*** Opening MATERIAL PROVIDED ***

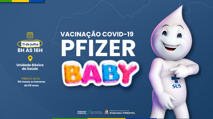 Atenção, pais e responsáveis!No dia 11 de julho, das 8h às 16h, a Unidade Básica de Saúde realizará a vacinação contra a COVID-19 com o imunizante Pfizer Baby.📌 Público-alvo: crianças de 6 meses a menores de 5 anos.
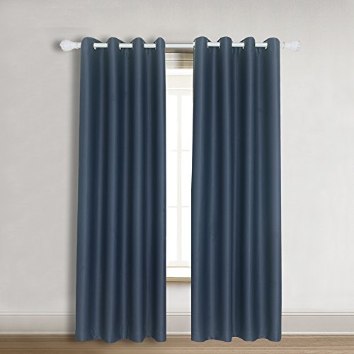 Blackout Curtains Amazlinen(TM) Toxic Free Solid Thermal Insulated Grommet Window Curtains Blackout Navy Blue,52
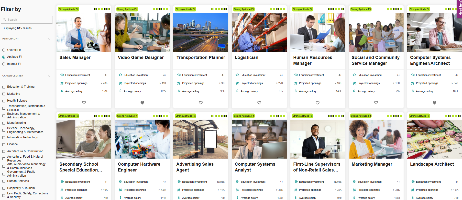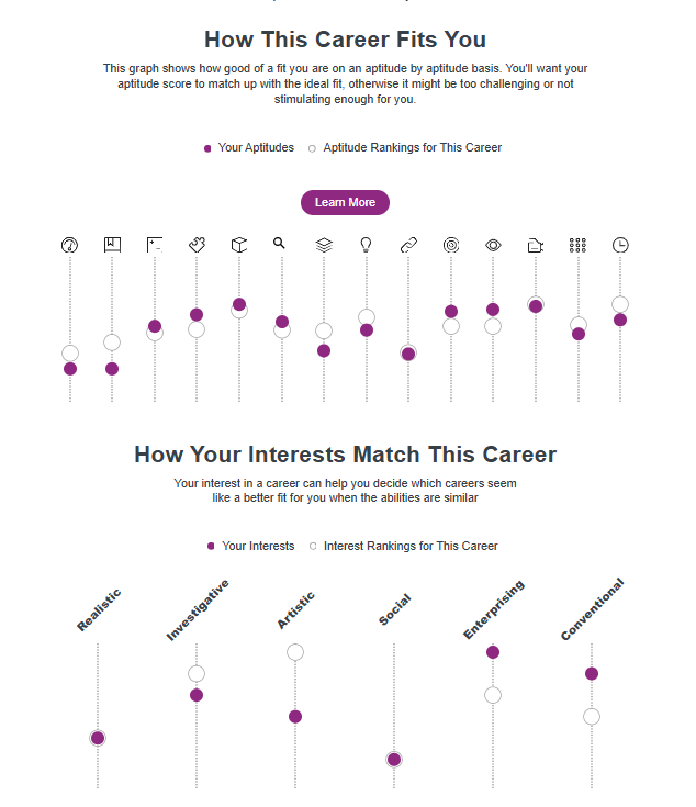 Test sonunda 40 sayfalık bir rapor elde eder ve kişinin güçlü ve zayıf yönlerini görebilirsiniz. Ayrıca, portalda 615 meslek arasından sizin yetenek ve ilgilerinize en uygun meslekleri aşağıdaki resimdeki gibi sıralar.
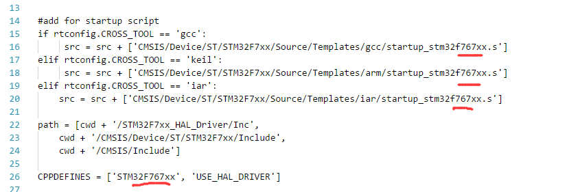 6.进入drivers子目录下,打开SConscript文件,这里说一下,3.0.3内的SConscript文件可以直接把该文件夹下所有源码加入工程,而这个最新的得自己加进去。修改如下:

*** Closing MATERIAL PROVIDED ***

(WORK INSTRUCTION) Return all of the data exactly as written, and drop the pictures.

(WRITTEN ANSWER)
 Atenção, pais e responsáveis!No dia 11 de julho, das 8h às 16h, a Unidade Básica de Saúde realizará a vacinação contra a COVID-19 com o imunizante Pfizer Baby.📌 Público-alvo: crianças de 6 meses a menores de 5 anos.
 Blackout Curtains Amazlinen(TM) Toxic Free Solid Thermal Insulated Grommet Window Curtains Blackout Navy Blue,52
 Test sonunda 40 sayfalık bir rapor elde eder ve kişinin güçlü ve zayıf yönlerini görebilirsiniz. Ayrıca, portalda 615 meslek arasından sizin yetenek ve ilgilerinize en uygun meslekleri aşağıdaki resimdeki gibi sıralar.
 6.进入drivers子目录下,打开SConscript文件,这里说一下,3.0.3内的SConscript文件可以直接把该文件夹下所有源码加入工程,而这个最新的得自己加进去。修改如下:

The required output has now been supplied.